Con le dita tracciò i contorni del volto di lui, abbozzando invisibili linee lungo la fanciullesca morbidezza della sua pelle, interrotta improvvisamente dalla ruvida barba tenuta corta. I raggi tiepidi del sole entravano timidi dalla finestra, per raggiungere il suo viso, creare contrasti ammalianti fra le sue ciglia bionde e gettare ombre lungo le morbide curve delle palpebre chiuse e sulla fronte corrucciata, segnata dal sole e dalle preoccupazioni.
“Non farlo mai più.”
La sua voce era un sussurro che giunse a fatica alle sue orecchie, seguito da un respiro tremante altrettanto flebile.
“Non farlo più. Spaventarmi così.”
Tara avvertì la gola di lui muoversi mentre deglutiva.
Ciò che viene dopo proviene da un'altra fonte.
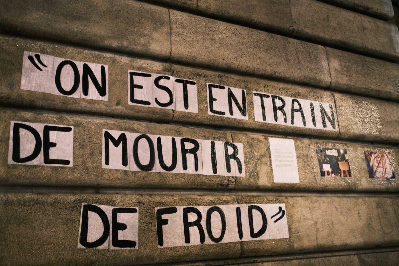 Ils survivent depuis des semaines dans des conditions extrêmement difficiles, entre des températures glaciales, un harcèlement policier quotidien, une épidémie de gale, aucun accès a l eau, l?interdiction d?allumer des feux pour se réchauffer et sans perspective de mise a l abri envisagée par la préfecture.
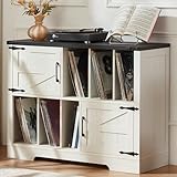 - Landhausstil-Charme mit Retro-Atmosphäre: In Vintage Landhausstil gestaltet, verfügt dieser Plattenspielerschrank über ein rustikales Holzmaserungsfinish, ergänzt durch Scheunentürelemente und vintage Metallakzente. Er dient nicht nur als Lagerlösung, sondern auch als ansprechende rustikale Deko, die nahtlos in Ihren bestehenden Möbelstil einfügt – schön und praktisch zugleich. Er ist die perfekte Ergänzung für Musikzimmer und Wohnzimmer.

“Credevo saresti morta. Ero certo che prima o poi sarei entrato da quella porta e ti avrei trovata morta.”
Sollevò la testa, e la guardò in una confusione di lacrime, dolore e sollievo.
“Oh, Dio, Tara!” Il suo sussurro disperato risvegliò le lacrime di lei. “Mi sarei arrabbiato così tanto, se fossi morta e mi avessi lasciato solo!”
Tara allungò la mano, tremante dalla debolezza, e Jax chinò il capo sul lenzuolo affinché lei potesse accarezzarglielo.
“Non l’ho fatto,” disse toccandogli il labbro. “E non ho la minima intenzione di farlo. Ora vieni qui e dammi un bacio di bentornato.”
Jax alzò il viso. Sembrò pensarci un attimo, e lei rimase a fissarlo in quell’interminabile attesa mentre i pensieri gli guizzavano sul volto come pesci di fiume che risalgono la corrente. Poi finalmente si avvicinò a poggiare un ginocchio sul materasso, e si chinò a baciare la moglie, in un gesto che entrambi avevano creduto dimenticato.